3) L'accueil de cette chèvre par la troupe de chamois est une nouvelle
modalisation praxémique d'aimer, qui va jusqu'à l'expression claire amoureux en
passant par galant. Une telle modalisation oblige à une invraisemblance
pragmatique : il n'y a pas de femelle en ce troupeau ! L'auteur en prend le parti,
avoué par messieurs.

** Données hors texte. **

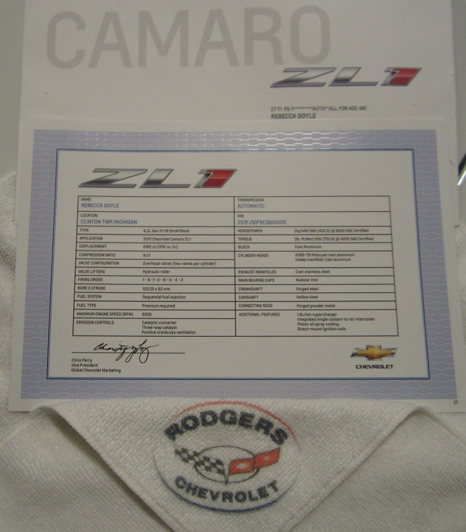 Drives: 2012 ZL1 CRT 6 Speed, RTQ, B92
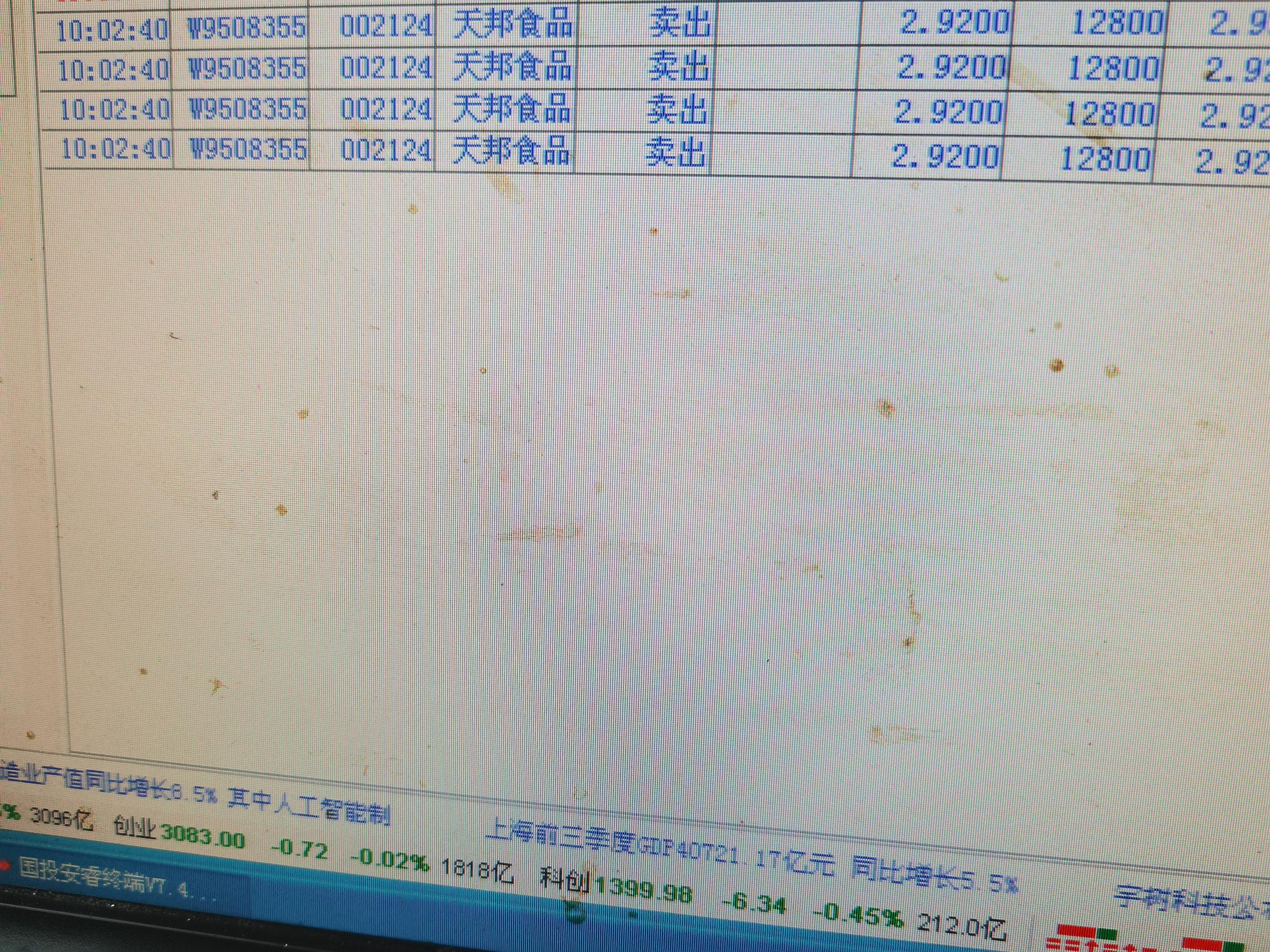 $天邦食品(SZ002124)$ 昨天2.85买的清仓了,明天再跌再回来!买了三只滞涨股票只有你今天在砸盘,不卖你卖谁!st明诚和红棉股份都在涨!

Ici se signale une métonymie secondaire qui nous permet
d'interpréter, par injonction même de l'auteur, l'animal comme un symbole de l'être
humain masculin : le jeune chamois à pelage noir (autre invraisemblance
pragmatique : tous les chamois sont roux ou bais) est le symbole du « beau brun ».
Il nous faut aussi remarquer croquaient... à belles dents, qu'on transfère sans
difficulté à l'appétit sexuel (cf. « croquer la pomme »). Cet appétit est ici masculin.
4) L'intervention du loup serait celle d'un acteur purement répulsif si nous
n'avions pas remarqué la possibilité pour le lecteur, sur ce point du texte, de se
déprendre de connotations par trop connues. Telle est la voie d'investissement
proposée au lecteur : non plus dans l'acteur chèvre, mais dans l'acteur loup. C'est
la voie de la masculinité dévorante, annoncée avec l'acteur chamois et soulignée
dans la parole du loup par la reprise de la petite chèvre de M. Seguin. Ainsi dans
un texte de communication émotive ambiguë, l'émotion peut être celle vécue
fabuleusement par la proie, ou celle du prédateur, qui lui succède en en tirant sa
force. Le loup étire l'anxiété de la chèvre (la dégustant par avance, ne se pressait
pas), pour assurer sa jouissance.
Dans la mesure où Blanquette est jeune (petite), jolie, la masculinité jouit dans
le texte du spectacle de sa liberté ; dans la mesure où elle est angoissée, elle jouit
de son angoisse.
Nous définissons ainsi un système de communication littéraire qui fragmente la
masse des lecteurs éventuels par un choix sexualisant ; les hommes. C'est un
système de connivence entre l'auteur-homme et le lecteur-homme par
l'intermédiaire du destinataire de la lettre, Gringoire, lui-même homme, et présenté
dans l'intertextualité comme en quête d'amour. Le texte révèle en définitive le
fantasme d'« Esmeralda mangée ».

4. LES STRATES DE LECTURE


4.1. Nous avons commencé à établir, sur des repères textuels, des strates de
lecture, entre le symbole avoué (chèvre : poète lyrique) et le symbole vide, réceptif à
l'infini. Puisque repères, traces il y a, ce sont aussi des strates de production. La
reprise du schéma narratif va nous permettre d'en découvrir d'autres :
1) Au plus large, au plus vide, la symbolique narrative se ramène à ceci : un
actant X, souffrant de la contrainte de Y, s'en libère, connaît la joie, puis rencontre
l'échéance inéluctable de sa perte. Ce schéma devient édifiant, comme nous l'avons
reconnu d'entrée d'analyse, si un élément quelconque de sens justifie la contrainte :
c'est le cas de brave, bon affectant M. Seguin. Le caractère édifiant est fondé sur la
reconnaissance d'un ordre si l'échéance est vraiment dite inéluctable, si la clôture est
acquise par avance ou « au-dessus » de la production du sens : c'est ce que nous
avons aussi reconnu. L'affabulation, l'histoire de la chèvre, fait donc de la symbolique,
nécessairement, le lieu de la reconnaissance d'un ordre.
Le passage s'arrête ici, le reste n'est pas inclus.